Limited Liability Company

When deciding between a Limited Liability Company and a Sole Proprietorship, the key question is liability.

Consider your worst-case scenario. If a client suffers a financial loss due to your work, can your liability be effectively limited through a contract that would hold up in court?

If not, a Limited Liability Company is often the safer choice, as your personal assets are protected and your risk is limited to the company.

To establish an ApS, you must contribute 20.000 DKK in share capital.

Losses in a Limited Liability Company are isolated within the company and cannot be offset against your personal income.
Read more about Corporate Income Tax here

If you receive a salary from your company, it must register as an employer, issue payslips, and withhold personal income tax. This can negatively impact cash flow during the startup phase.

We can help you incorporate a new ApS.

Here you can see the prices for incorporating a new ApS

Here you can read what information is needed to incorporate a new ApS

The Danish Tax Agency may review shareholders and founders before approving VAT or employer registration.

See which questions are typically asked here


What company structure should you choose in Denmark

Branch Office

A Branch Office is an extension of a foreign company and does not require share capital.

If the branch has a permanent establishment or employees with authority to bind the company, it normally becomes tax resident in Denmark.

The Branch Office receives a CVR-number and must comply with Danish accounting and tax regulations. The foreign parent company remains fully liable for all Danish activities.

The parent company’s annual report must be submitted to the Danish Business Authority, and a Danish tax return must be filed.


Registration of duties/obligations as a Foreign Company

If you are not ready to establish a Branch Office or incorporate a Danish company, registering specific duties as a Foreign Company may be the best entry point.

This is the simplest way to start operating in Denmark and typically includes:

Employer registration
;
VAT registration;

Corporate income tax registration.

Processing time is usually 2–4 weeks, and registration must be completed at least 8 days before starting activities.

We can assist with this registration for 3.000 DKK + VAT.

Additional requirements may include a fiscal representative, Danish address, or a person with signatory rights in Denmark.

Please contact us to clarify your situation.


(Last update of this blog: 5.1.2026)


FAQ

What are the most common company structures in Denmark in 2026?

Sole Proprietorship, Limited Liability Company, Branch Office, and Registration as a Foreign Company.

How does one decide between different company structures?

Consider experience, confidence in the business plan, investment amount, risk, product or service type, and the nature of clients and contracts.

What is the minimum initial share capital required for an ApS?

20.000 DKK.

Can both residents and non-residents be shareholders and directors in an ApS?

Yes, both residents and non-residents can hold these positions.

When might registering a Branch Office or as a Foreign Company be preferable?

For a short-term commitment or specific obligations like employer registration or VAT liability.

What does registering a Sole Proprietorship in Denmark entail?

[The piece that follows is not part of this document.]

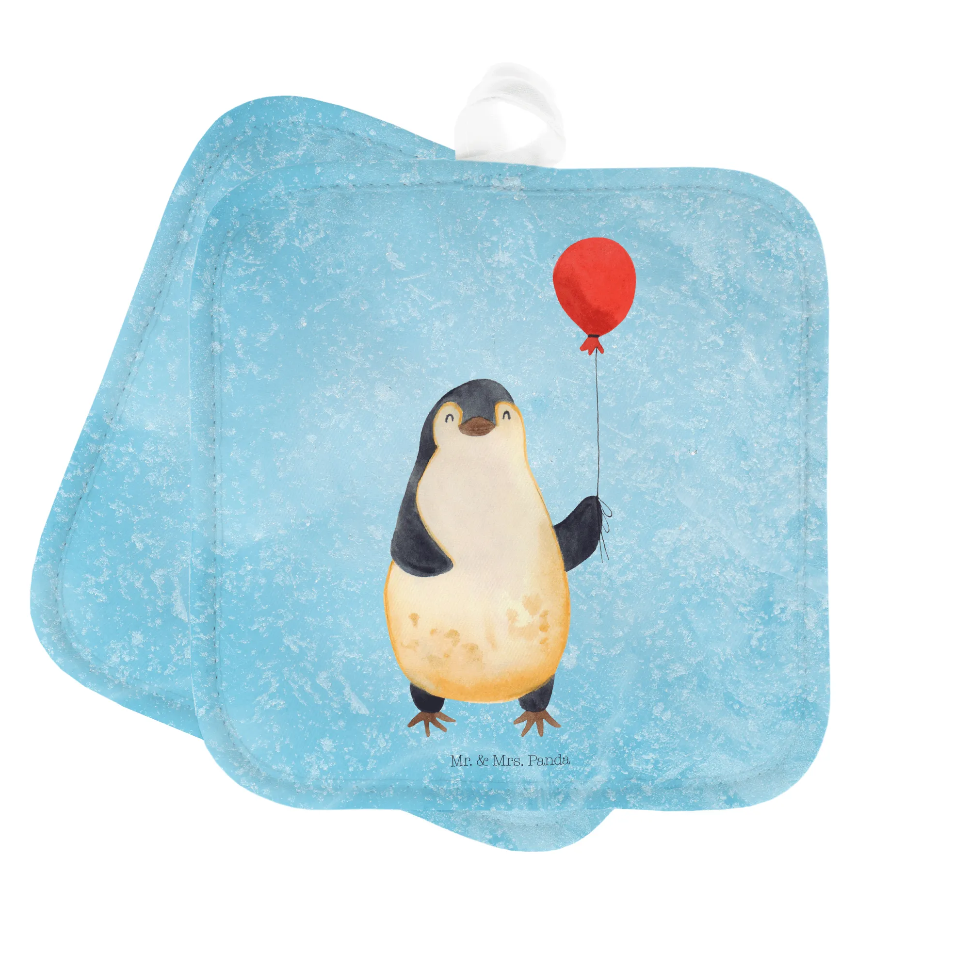 2er Set Topflappen Pinguin Luftballon - mit Spruch - Eisblau

It requires being a resident with a CPR-number and a digital signature (MitID), and it's fast and easy to register or deregister.

Are there any registration fees for a Sole Proprietorship?

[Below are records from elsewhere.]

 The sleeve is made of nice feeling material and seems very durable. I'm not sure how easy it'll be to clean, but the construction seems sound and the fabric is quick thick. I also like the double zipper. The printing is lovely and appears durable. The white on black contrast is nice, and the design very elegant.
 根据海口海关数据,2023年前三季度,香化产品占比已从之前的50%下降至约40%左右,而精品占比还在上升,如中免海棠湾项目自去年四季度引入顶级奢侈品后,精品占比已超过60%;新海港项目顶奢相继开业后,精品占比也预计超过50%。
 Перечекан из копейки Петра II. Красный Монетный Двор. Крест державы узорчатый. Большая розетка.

No, if done online by oneself; otherwise, Dania Accounting can assist for a fee.

What are the benefits of choosing a Sole Proprietorship in terms of financial deficits?

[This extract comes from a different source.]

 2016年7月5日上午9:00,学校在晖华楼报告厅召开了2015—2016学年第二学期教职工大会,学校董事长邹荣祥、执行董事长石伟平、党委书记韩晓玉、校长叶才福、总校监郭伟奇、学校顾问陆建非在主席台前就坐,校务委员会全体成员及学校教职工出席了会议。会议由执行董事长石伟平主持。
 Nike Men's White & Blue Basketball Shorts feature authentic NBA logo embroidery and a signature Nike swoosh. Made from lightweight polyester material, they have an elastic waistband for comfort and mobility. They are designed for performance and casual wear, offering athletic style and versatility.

It allows offsetting business deficits against personal income to lower the overall tax bill.

What are the risks associated with a Sole Proprietorship?

Personal liability for business activities, which could affect personal assets.

What distinguishes a Limited Liability Company from a Sole Proprietorship in terms of financial deficits?

Deficits in a Limited Liability Company are isolated within the entity and can't be used to offset personal income tax.